= Ksenia Mironova =

Russian journalist (born 1998)

Ksenia Mironova (Ксения Миронова; born 1998) is a Russian independent journalist. After working for the newspapers Kommersant and Meduza, she became more widely known as a journalist for the independent news outlet TV Rain until it was shut down by the Russian government in 2022.

== Personal life ==
Mironova was born and raised in Uralmash, a neighborhood of Yekaterinburg in Sverdlovsk Oblast, Russia.

Mironova is engaged to journalist and political prisoner Ivan Safronov, whom she met when they both worked for Kommersant in its Moscow office. On 7 July 2020, Safronov was arrested at their home on charges of treason.
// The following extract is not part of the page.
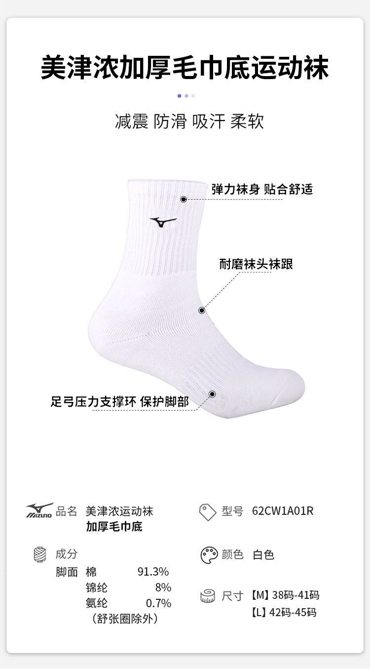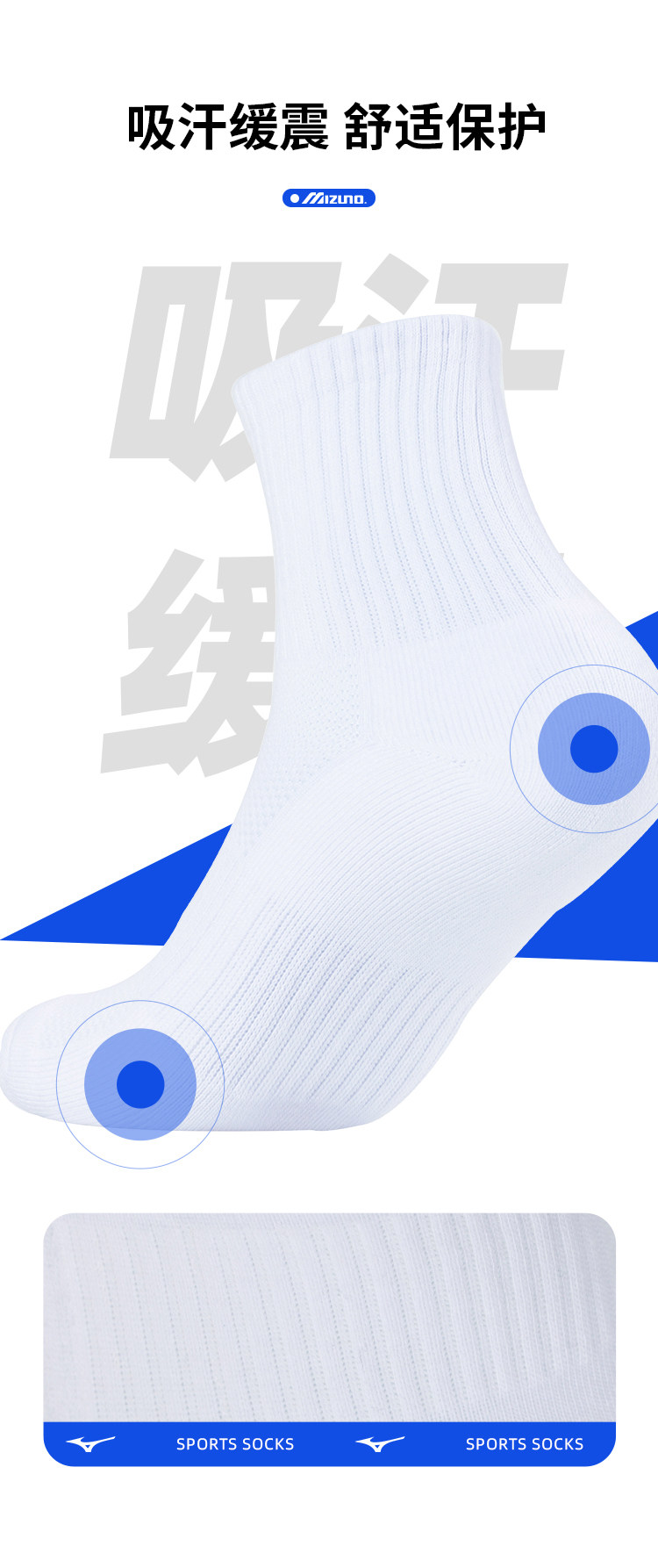 Mizuno Sports Socks Mid-Calf Tennis Socks Men's and Women's Cotton Socks Casual Training Thickened Towel Bottom Long Socks

After being detained for over two years, on 5 September 2022 Safronov was sentenced to 22 years in prison after allegedly sharing information with intelligence services in Czechia and Germany in what was widely considered to be a politically motivated trial.

== Journalism career and activism ==
Prior to 2018, Mironova had moved to Saint Petersburg, where she had freelanced for Russian media outlets including Kommersant. In 2018, she moved to Moscow to intern at Kommersant, and later received a permanent position reporting on education; she also frequently wrote about the experiences of political prisoners. In 2019, Mironova's fiancé Safronov was fired from Kommersant, which led to the resignation of the newspaper's entire politics desk. Mironova worked for the outlet Meduza for a while before becoming a journalist and presenter on the independent news channel TV Rain.

Mironova remained with TV Rain until it was declared to be an "undesirable organisation" and shut down by Russian authorities on 1 March 2022, shortly after the Russian invasion of Ukraine. Mironova left Russia the next day, residing in Georgia, Latvia and Germany before settling in the United States as of 2025. She has since worked as an independent journalist outside of Russia, including for the publication Sluzhba podderzhka, where she reports on the Russo-Ukrainian war. Mironova also works for the organisation Help Desk, that provides assistance to political prisoners and provides factual information about the war.

Mironova founded an organisation to support the families of Russian political prisoners, as well as Ukrainian detainees, called Help for the Relatives of Political Prisoners (Помощь близким политзаключённых). She hosts the organisation's podcast, There Will Be No More Time (Времени больше не будет), where she interviews the relatives of political prisoners, such as the mother of Ilya Yashin and the wife of Oleksandr Marchenko. Mironova also hosted the Radio Svoboda podcast Hello, Where Are You? (Привет, ты где?) in which she interviewed people who had left Russia following the outbreak of the war.

Alongside her TV Rain colleague Anna Nemzer, Mironova works with the Russian Independent Media Outlet, which aims to preserve Russian independent media.

== Recognition ==
Mironova is significantly featured in the 2024 documentary My Undesirable Friends: Part I — Last Air in Moscow, which premiered at the Berlin International Film Festival. She also appears in its 2026 sequel, My Undesirable Friends: Part II – Exile, which premiered at the Venice Film Festival.